The indexer uses a two-step incremental sync protocol:

### Step 1: Manifest comparison (`POST /index/manifest`)

```
Client sends:  { "project": "my-app", "files": { "app.py": "sha256...", "utils.py": "sha256..." } }
Server replies: { "need_upload": ["app.py"], "already_synced": ["utils.py"], "deleted_on_client": ["old.py"] }
```

### Step 2: File upload (`POST /index/upload`)

- **Small batches** (<10 files, <1MB): JSON mode — `{"project": "my-app", "files": {"app.py": "content..."}}`
- **Large batches**: gzip tar mode — compressed archive with `Content-Type: application/gzip`

The server stores files in user-scoped directories (`LocalProjects/u{user_id}/{project}/`), builds CPG graphs for each `.py` file, and returns the list of graphs built.

## User Isolation

Each user's projects are stored in separate directories on the server.

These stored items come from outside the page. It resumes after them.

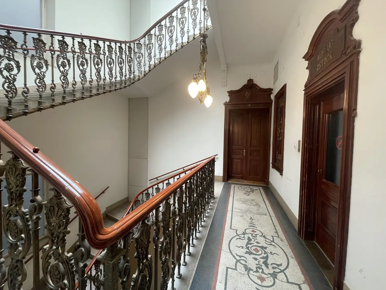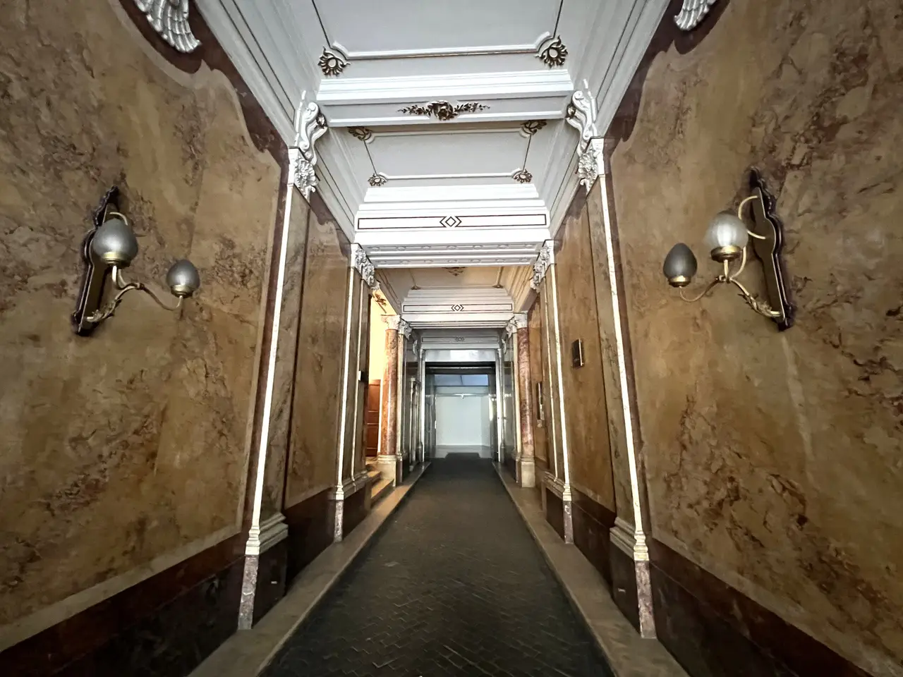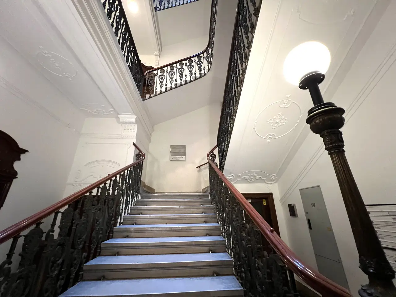 The façade is designed in the neo-baroque style. Marble walls and columns, as well as abundant stucco in the building entrance, an imposing staircase and a nostalgic lift leading to the upper floors.
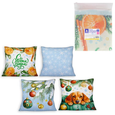 В набор входят чехлы, размером 45х45 см, что идеально подходит для стандартных декоративных подушек. Чехлы выполнены из полиэстера и украшены яркими новогодними мотивами: апельсины, елочные шары, милая собачка и, конечно же, снежинки.
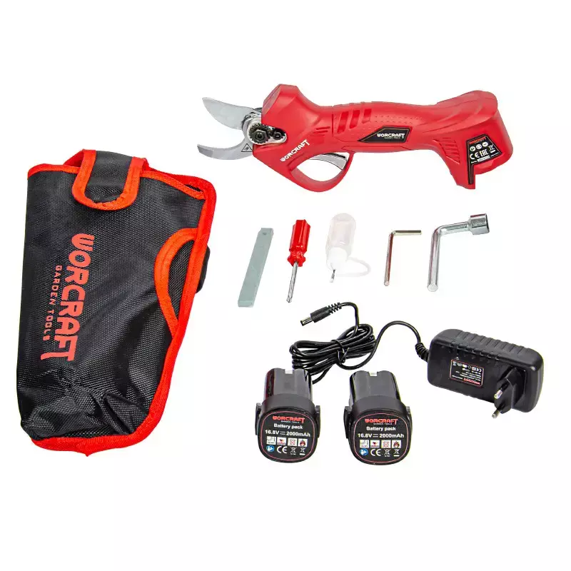 - Потужний 16 В акумуляторний секатор робить швидку і якісну обрізку гілок без особливих фізичних зусиль.
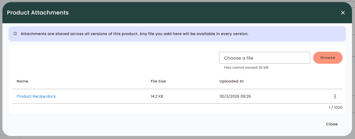 LabHQ allows you to upload and manage attachments for products. Attachments can be used to store supporting documentation such as specifications, SOPs or reference files associated with the product.
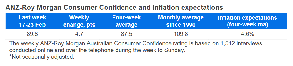 "ANZ-Roy Morgan Australian Consumer Confidence rose 4.7 points last week to 89.8 points, its highest level since May 2022," ANZ Economist, Sophia Angala said.
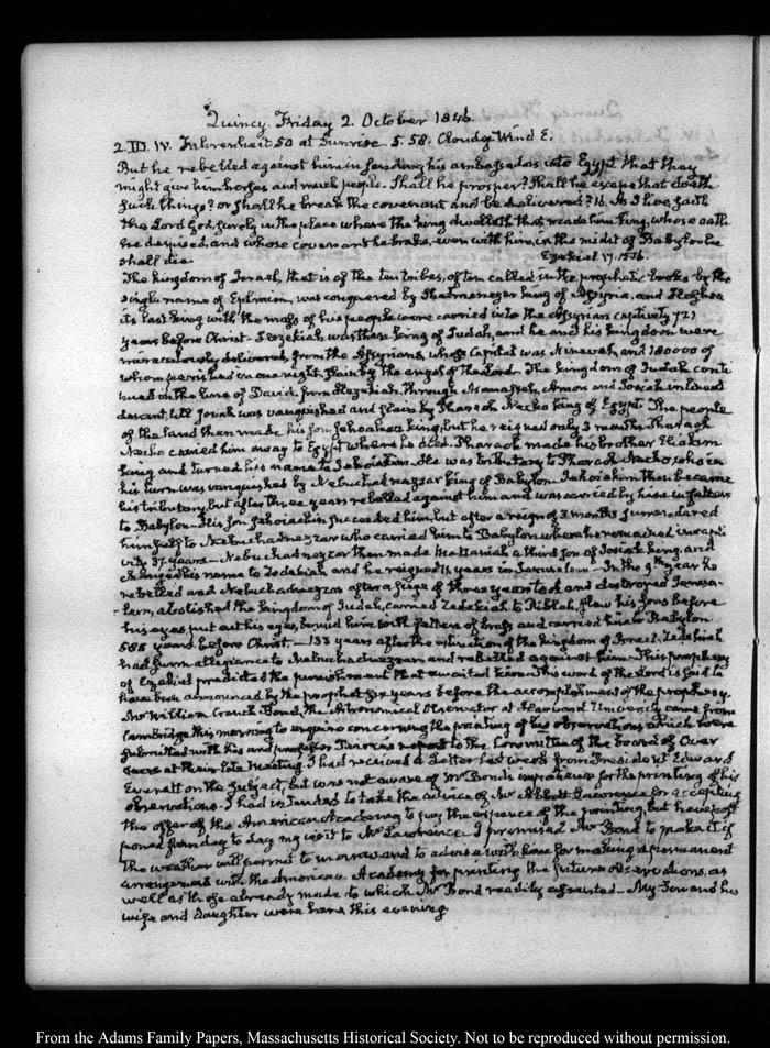 View full, authoritative transcriptions with page images of the diaries at John Quincy Adams Digital Diary part of the Primary Source Cooperative at the MHS.
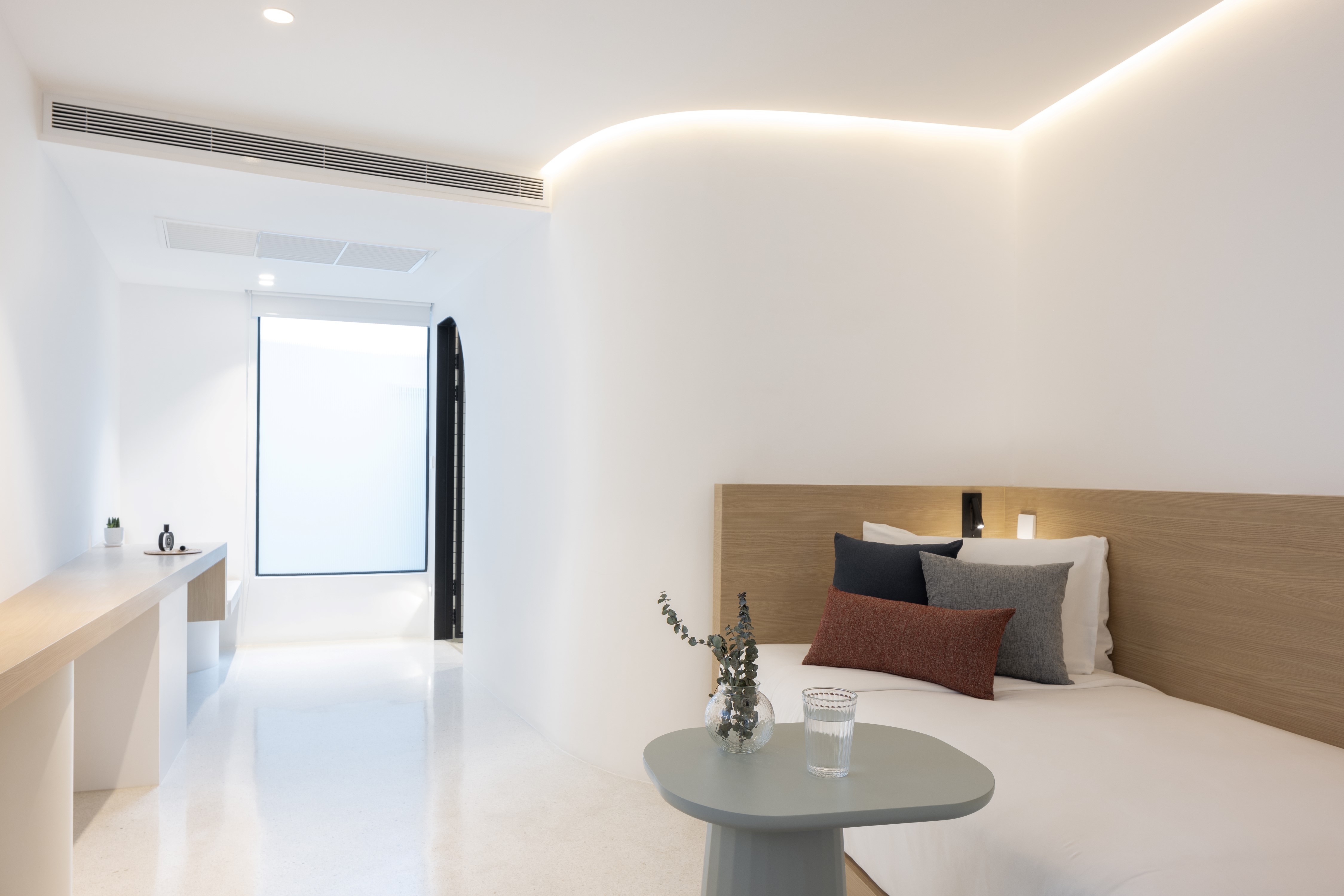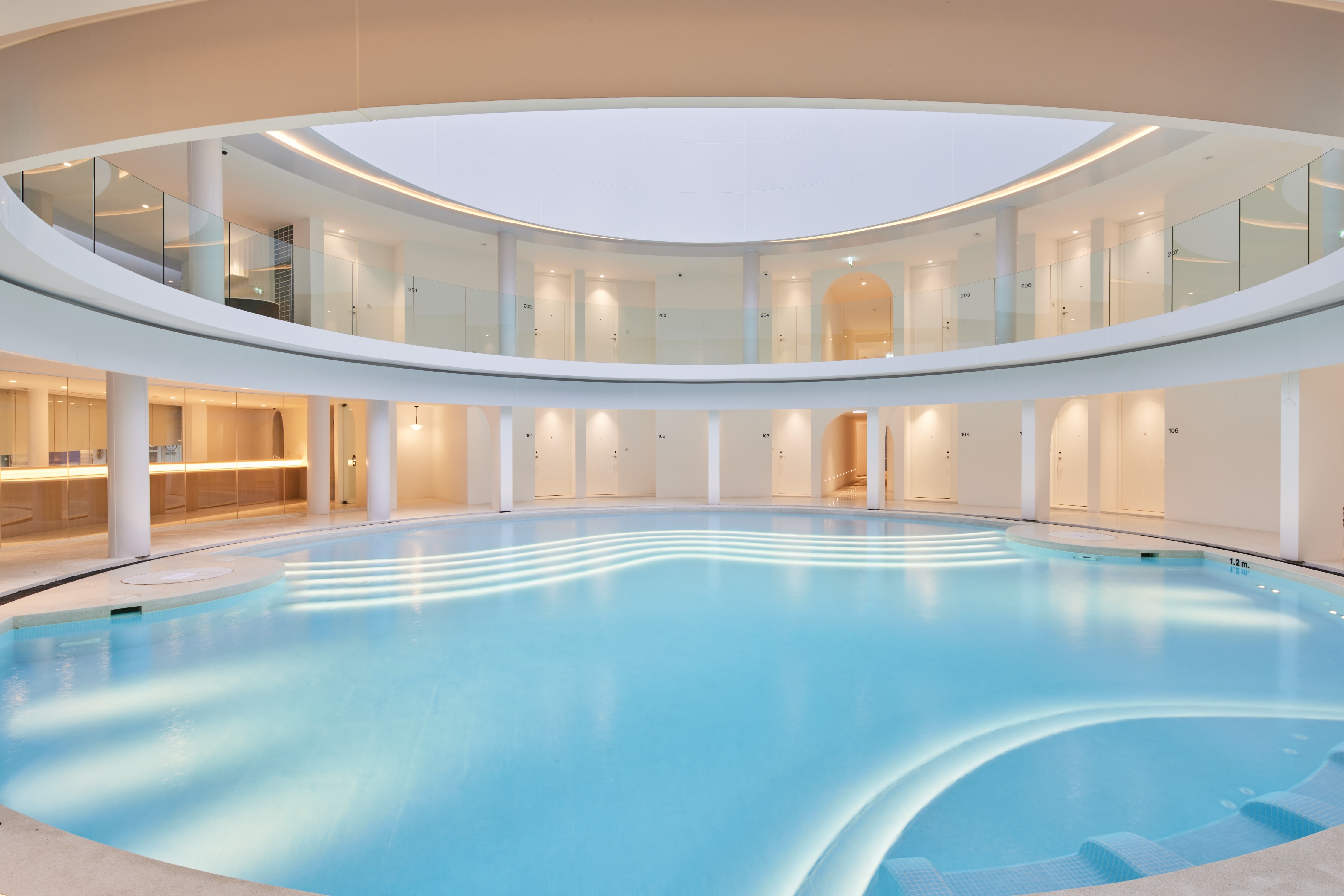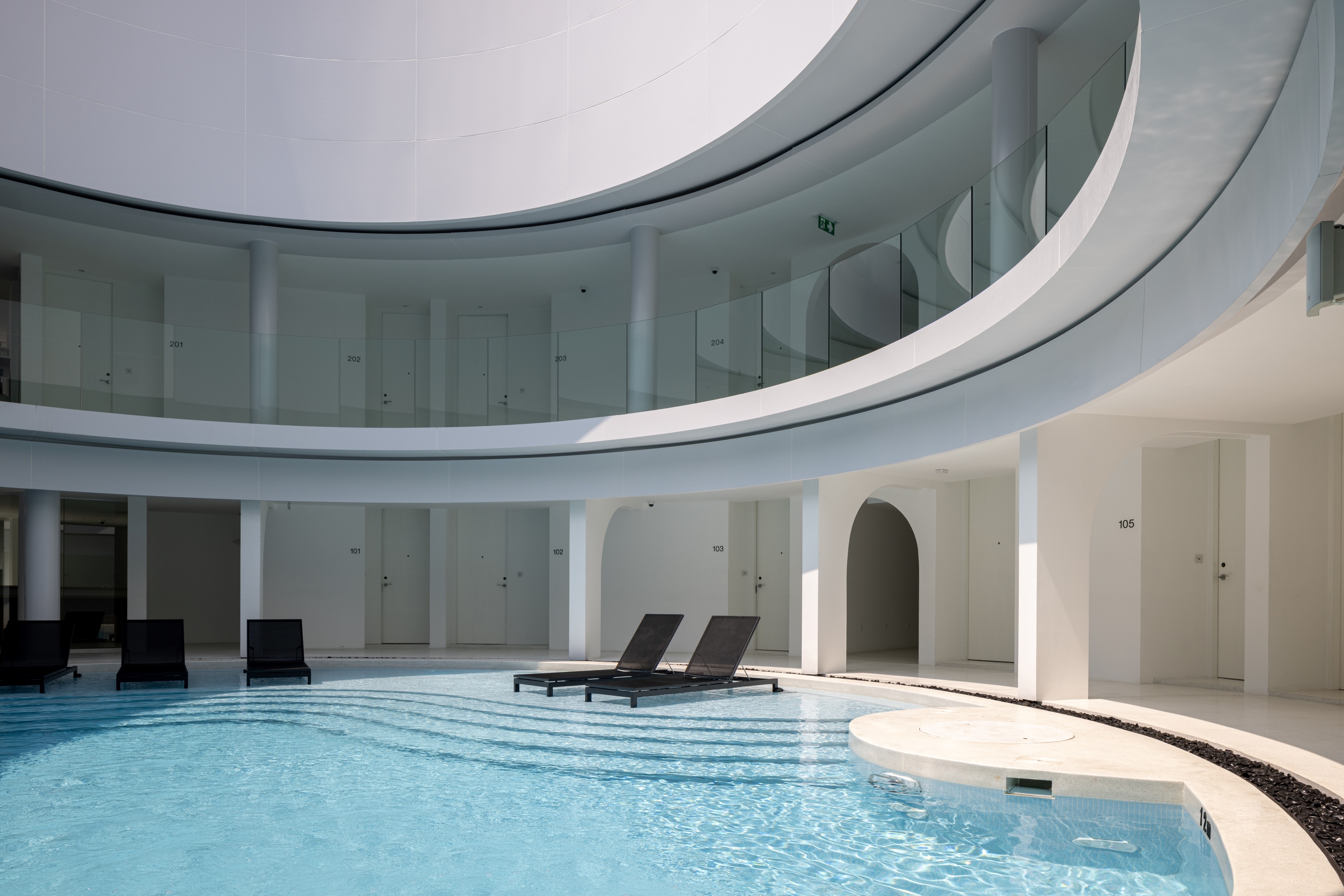 Since the site is in an area without natural scenery, the team used the pool, paired with an open ceiling, to create a picturesque view. Natural lighting and shadows at different times of the day, or in different weather conditions, give the hotel an ever-changing look, and the glass railings allow the guests to enjoy the view without obstruction. The design circles around round shapes and curves. Using a white palette, the beauty of the architectural forms can be further accentuated by the shadows and light.

Two users can have projects with the same name without conflicts:

```
LocalProjects/
  u1/my-app/       ← User 1's "my-app"
  u2/my-app/       ← User 2's "my-app" (completely isolated)
```

The `user_id` is derived from your Bearer token — the CLI never needs to know it.

## File Structure

```
rubberduck_index/
├── __init__.py      # Package metadata, version
├── __main__.py      # CLI entry point (7 commands)
├── config.py        # Config management (.rubberduck/config.json)
├── scanner.py       # File discovery + SHA-256 hashing
├── syncer.py        # HTTP client for /index/* endpoints
├── watcher.py       # File watcher (watchdog) + daemon mode
├── pyproject.toml   # Package definition
└── README.md        # This file
```

## Server Limits

| Limit | Default | Description |
|-------|---------|-------------|
| Max project size | 50 MB | Total size of all files in a project |
| Max file size | 5 MB | Individual file size limit |
| Compressed upload | 100 MB | Max gzip-compressed body size |
| Project TTL | 24 hours | Synced projects expire after this (re-sync to refresh) |

## Examples

### Index a Django project

```bash
cd ~/django-project
rubberduck-index init \
  --server http://54.81.153.13:8182 \
  --project my-django \
  --token $RUBBERDUCK_TOKEN \
  --watch
```

### Index only specific directories

```bash
rubberduck-index init \
  --server http://54.81.153.13:8182 \
  --project my-app \
  --token $RUBBERDUCK_TOKEN \
  --include "src/**/*.py" "lib/**/*.py"
```

### Use with Cursor / Claude Code

After indexing, tell the LLM in Cursor or Claude Code:

```
Load the project "my-app" and trace the data flow of the `request` variable.
```

The LLM will use MCP tools:
1. `load_repo(repo="local/my-app")` — loads CPG graphs
2. `analyze_code(statement="trace data flow of request", graph_id="...")` — queries the graph
3. Returns facts about definitions, assignments, and flow paths

## Troubleshooting

**"No .rubberduck/config.json found"**
Run `rubberduck-index init` first, or `cd` into the project directory.

**"Server will reject unauthenticated requests"**
Set your token: `export RUBBERDUCK_TOKEN=your-token` or re-run `init --token ...`.

**"Request body too large"**
Your project exceeds 50MB. Use more specific `--include` patterns to reduce file count, or increase the server limit.

**"No matching files found"**
Check your `include` patterns in `.rubberduck/config.json`. Default is `**/*.py`.

**Watcher not detecting changes**
Ensure `watchdog` is installed: `pip install watchdog`. On Linux, check inotify limits: `sysctl fs.inotify.max_user_watches`.